THE PROBLEM: Pictures in the records below must be left out. Return exactly the lines from the line with "Two swans glide" to the line with "チノパンツの持つ自然でおしゃ", both included.

─── DATA

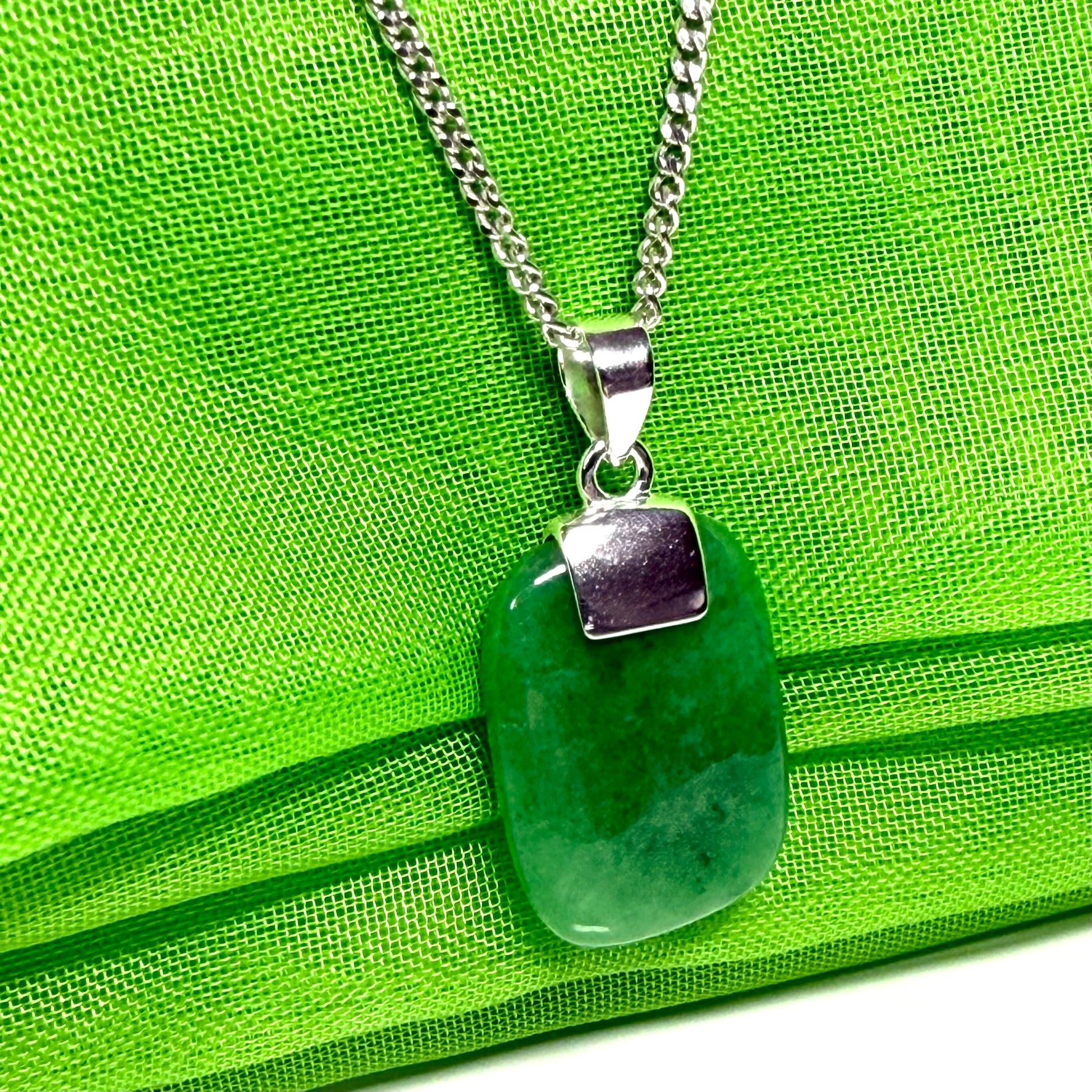 Why not add a touch of elegance to your outfit with this stunning cushion shaped silver real green jade necklace
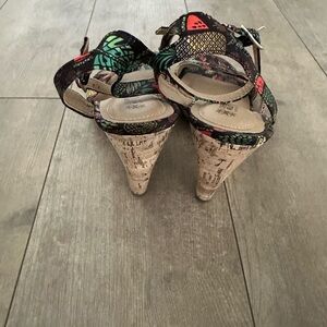 Gorgeous Pineapple Fruits Wedge Cork Strappy Open Toe Black Sandals Heels Women’s size 9
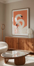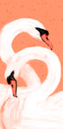 Two swans glide across a hushed riverbank, their curved necks almost shaping a heart as reeds sway and light shimmers on the water. Soft blush and peach tones wash the scene with calm, modern romance—an elegant focal point that invites serenity, balance, and a quiet sense of connection. Perfect for calm, romantic interiors.
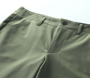チノパンツの持つ自然でおしゃれな風合いと、合成繊維が持つシワになりにくく速乾性が高い高機能さをあわせ持つ生地を目指して開発。毎日はきたくなる究極の楽ちんデイリーパンツが完成しました。
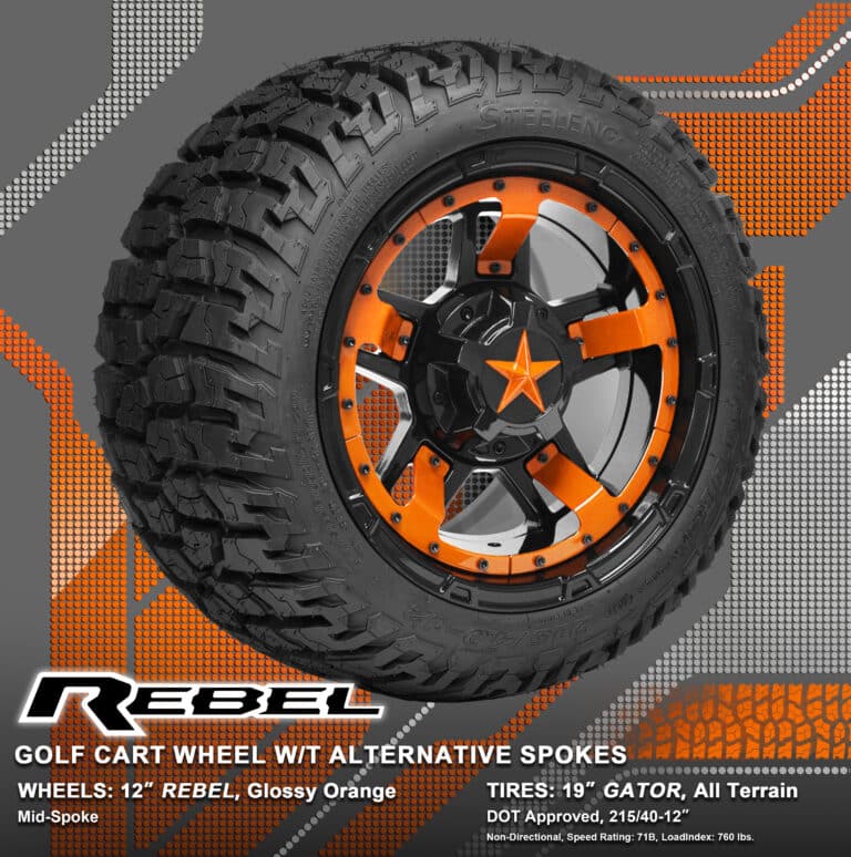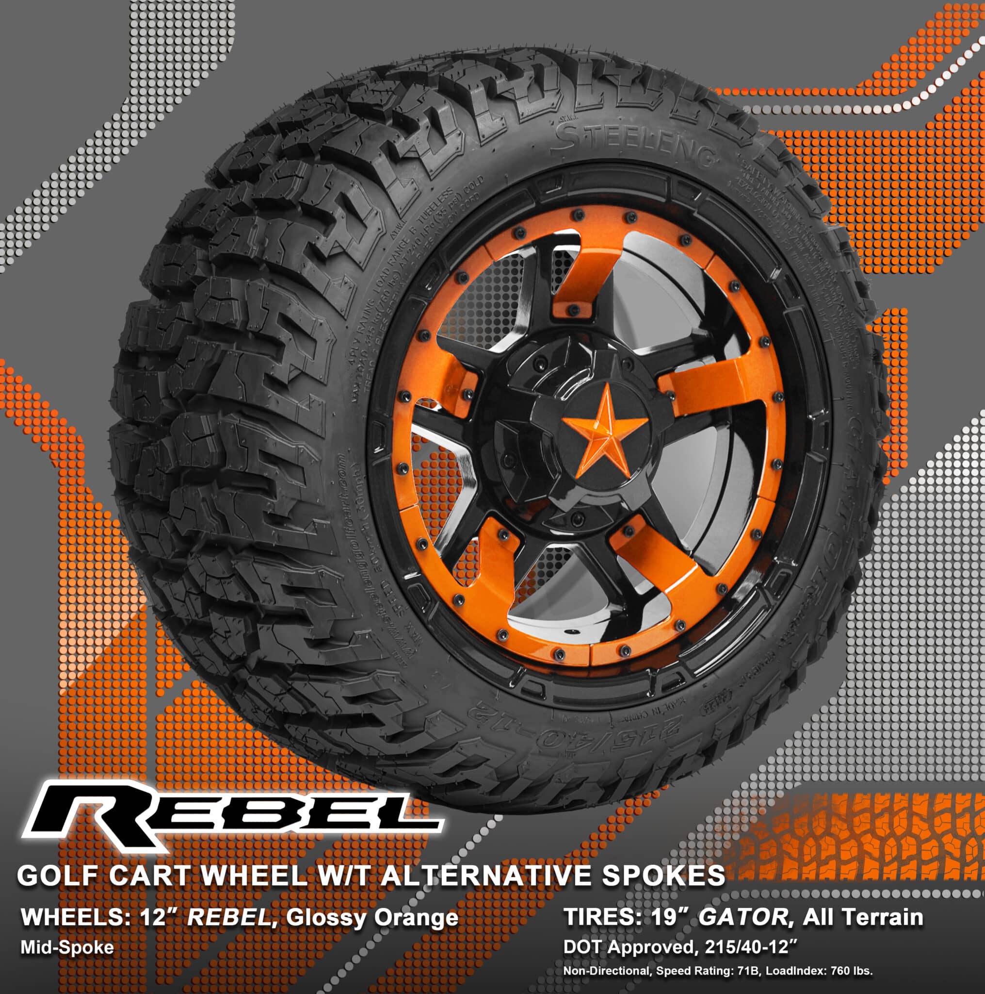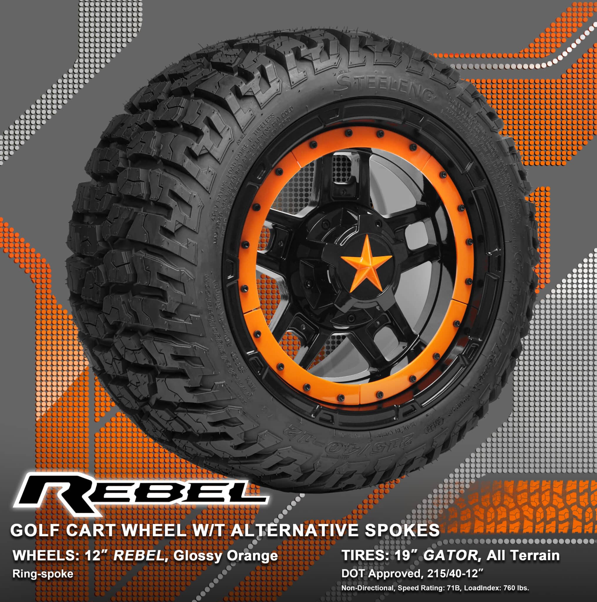 BNDL-TR1210-WH1251-WIRB07-LN0002 – SGC 12″ REBEL Glossy Black Wheel – Aluminum Alloy / STEELENG 215/40-12 GATOR Hybrid Low Profile / All Terrain Tire DOT Approved / REBEL Inserts-Mid Spoke-Glossy Orange

──────

REPLY:
 Two swans glide across a hushed riverbank, their curved necks almost shaping a heart as reeds sway and light shimmers on the water. Soft blush and peach tones wash the scene with calm, modern romance—an elegant focal point that invites serenity, balance, and a quiet sense of connection. Perfect for calm, romantic interiors.
チノパンツの持つ自然でおしゃれな風合いと、合成繊維が持つシワになりにくく速乾性が高い高機能さをあわせ持つ生地を目指して開発。毎日はきたくなる究極の楽ちんデイリーパンツが完成しました。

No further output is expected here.